Li Hongkuan (; born March 26, 1963) is a Chinese dissident.

Biography
Li Hongkuan was born in Dezhou, Shandong. He graduated from Nanjing University and Shanghai Institute of Biochemistry and Cell Biology, Chinese Academy of Sciences. After graduation, he became a teacher of Beijing Medical University (Today's Peking University Health Science Center).

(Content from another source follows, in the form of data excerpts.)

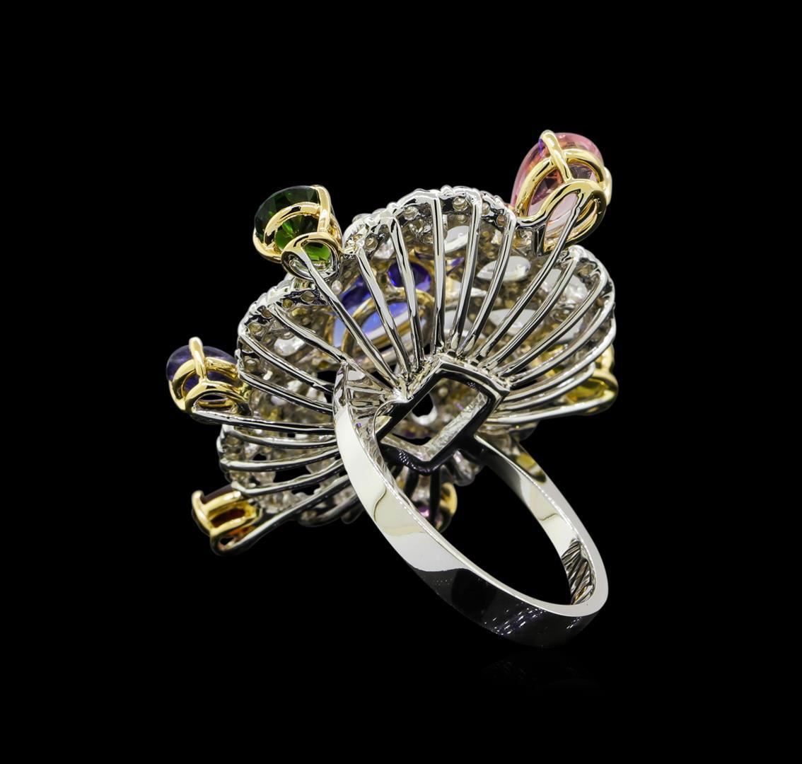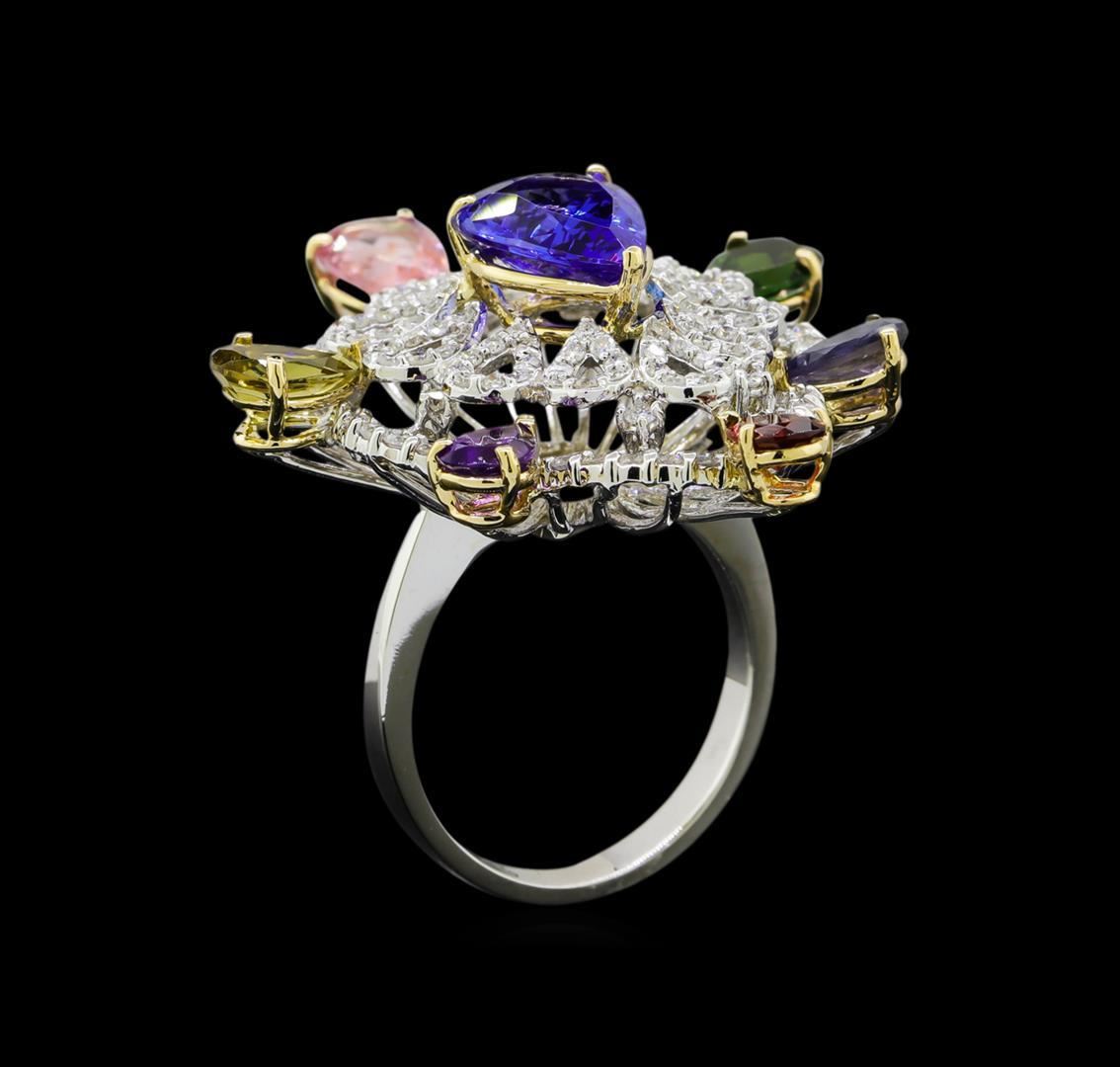 One electronically tested 14KT white and yellow gold lady's cast fashion ring with a bright polish finish. The featured lady's ring has a shank measuring 3.15 millimeters wide. Identified with markings of '14K'. Condition is new, good workmanship. Containing: One prong set pear modified brilliant cut natural tanzanite, measuring 11.15 x 8.25 x 5.18mm, (depth est.) approximate weight of 2.80 ct., clarity is eye clean, medium dark, moderately strong, violetish blue color, (GIA vB 6/4), cut is very good. Transmitting light with no distortion, transparent. Colored gemstones are presumed to have been subjected to commonly used enhancement processes. Graded in the setting. Two prong set round brilliant cut diamonds, measuring 1.90 - 1.80 x 1.15mm (depth est.) approximate total weight of 2 Stones = 0.05ct. Graded in the setting. Clarity SI-1 to SI-2. Color: H - I Cut Good Forty prong set round brilliant cut diamonds, measuring 1.55 - 1.45 x 0.93mm (depth est.) approximate total weight of 40 Stones = 0.51ct. Graded in the setting. Clarity SI-1 to SI-2. Color: H - I Cut Good One Hundred Fifteen prong set round brilliant cut diamonds, measuring 1.25 - 1.15 x 0.74mm (depth est.) approximate total weight of 115 Stones = 0.75ct. Graded in the setting. Clarity SI-1 to SI-2. Color: H - I Cut Good One prong set pear modified brilliant cut natural pink tourmaline, measuring 7.90 x 5.90 x 3.20mm, (depth est.) approximate weight of 0.91ct., clarity is moderately included, medium light, moderately strong, slightly purplish red color, (GIA slpR 4/4), cut is good. Transmitting light somewhat diffusely, transparent to translucent. Colored gemstones are presumed to have been subjected to commonly used enhancement processes. Graded in the setting. Two prong set pear modified brilliant cut natural green tourmalines, measuring 7.10 x 5.05 x 3.20mm, (depth est.) approximate total weight of 1.40 ct., clarity is eye clean, medium, moderately strong, green color, (GIA G 5/4), cut is good. One the featured green tourmalines has a strong yellow overtone. Transmitting light with no distortion, transparent. Colored gemstones are presumed to have been subjected to commonly used enhancement processes. Graded in the setting. One prong set pear modified brilliant cut natural blue sapphire, measuring 6.00 x 3.95 x 2.90mm, (depth est.) approximate weight of 0.55ct., clarity is moderately included, medium light, very slightly grayish, violetish blue color, (GIA vB 4/3), cut is good. Transmitting light somewhat diffusely, transparent to translucent. Colored gemstones are presumed to have been subjected to commonly used enhancement processes. Graded in the setting. One prong set pear modified brilliant cut natural pyrope garnet, measuring 6.10 x 3.90 x 2.20mm, (depth est.) approximate weight of 0.39ct., clarity is eye clean, medium dark, very slightly brownish, red color, (GIA R 6/3), cut is good. Transmitting light with no distortion, transparent. Colored gemstones are presumed to have been subjected to commonly used enhancement processes. Graded in the setting. One prong set pear modified brilliant cut natural amethyst, measuring 5.40 x 4.30 x 2.80mm, (depth est.) approximate weight of 0.35ct., clarity is slightly included, medium dark, very slightly grayish, purple color, (GIA P 6/3), cut is good. Transmitting light with a minimum of distortion, transparent. Colored gemstones are presumed to have been subjected to commonly used enhancement processes. Graded in the setting. Total Weight of Colored Stones 6.40 ct.. Total Weight of Diamonds 1.31ct.. Total Weight of Ring 11.60gm. GAS Appraised.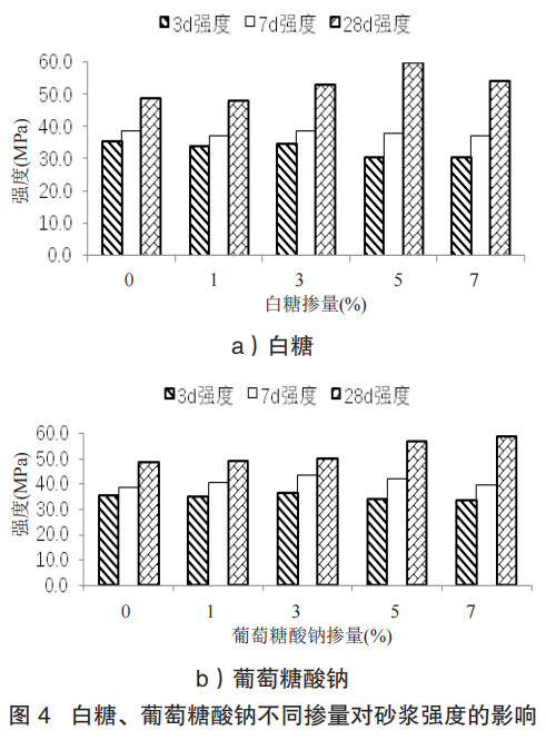 如圖 4a)所示,隨著白糖摻量從 0% 增加到 7%,砂漿 3d 強(qiáng)度呈下降趨勢,從 35.5MPa 降至 30.6MPa;各白糖摻量的砂漿 7d 強(qiáng)度值相近;28d 強(qiáng)度值呈先增加后下降的趨勢,當(dāng)白糖摻量為 5% 時(shí),28d 強(qiáng)度值達(dá)到 59.9MPa,比 0% 時(shí)增加 11.2MPa,摻量為 7% 時(shí),28d 強(qiáng)度比 0% 時(shí)只增加 5.4MPa。分析白糖對砂漿強(qiáng)度的影響,白糖對砂漿早期強(qiáng)度有不利的影響,但到 7d 時(shí),其強(qiáng)度值與 0% 摻量時(shí)相近,28d 后強(qiáng)度會隨白糖摻量增加而增大,在摻量為 5% 達(dá)到最大值,繼續(xù)增加會因白糖的超量,使強(qiáng)度降低。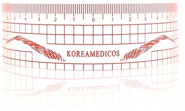 Miarka do makijażu permanentnego. Idealnie pomaga w wyznaczaniu perfekcyjnie symetrycznych łuków brwiowych przy zabiegu rekonstrukcji brwi, microbladingu oraz makijażu permanentnym.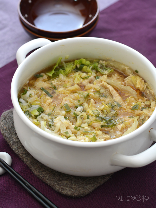 白菜と鶏むね肉。そこにねぎと豆乳も加えました。
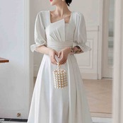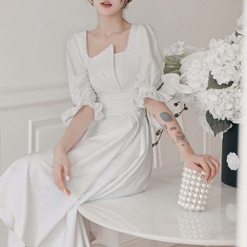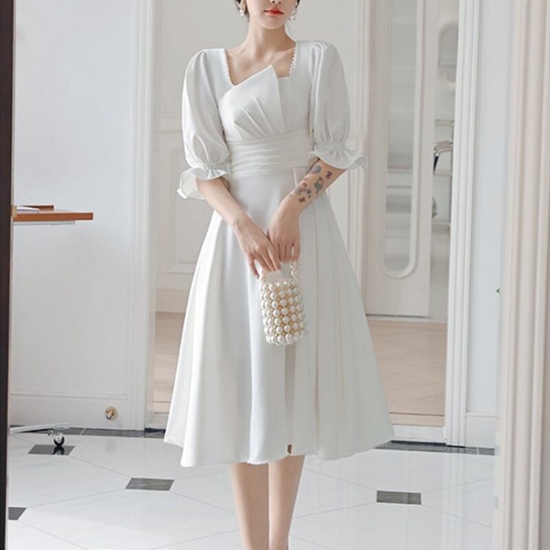 【送料無料】 パーティードレス ワンピース ドレス ハイウエスト ひざ丈 ミディ ミディアム 半袖 袖あり フリル スクエアネック アシンメトリー 白 ホワイト こなれ感 大人可愛い フェミニン シンプル 大きいサイズ 2XL 3XL 10代 20代 30代 お出掛け デート パーティー 2次会 夜デート お呼ばれ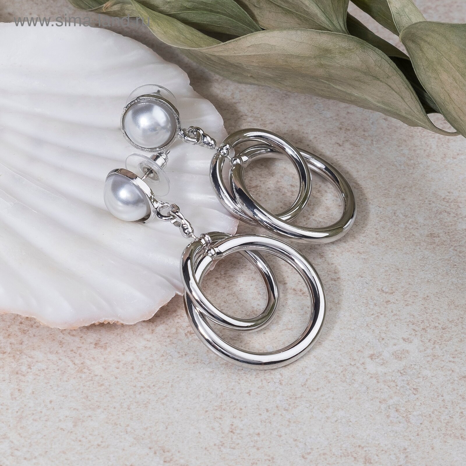 Серьги с жемчугом "Вечность", цвет белый в серебре

In 1989, Li participated in Tiananmen Square protests and later was persecuted by the Communist Party of China. From 1991 to 1994, Li studied for a Ph. D. in Molecular Biology at Albert Einstein College of Medicine in New York.

In late 1997, Li began publishing online magazines under the name Big News (). Li founded Small News (), a news journal similar to Big News, in 1998. The aim of the two magazines is to break through the Great Firewall of China and send news about Chinese dissidents and Chinese Opposition Movement to the Chinese domestic e-mail address.

Li has also been interviewed by the Voice of America, Radio Free Asia, and other media, and also volunteering as current affairs commentators in some well-known programs.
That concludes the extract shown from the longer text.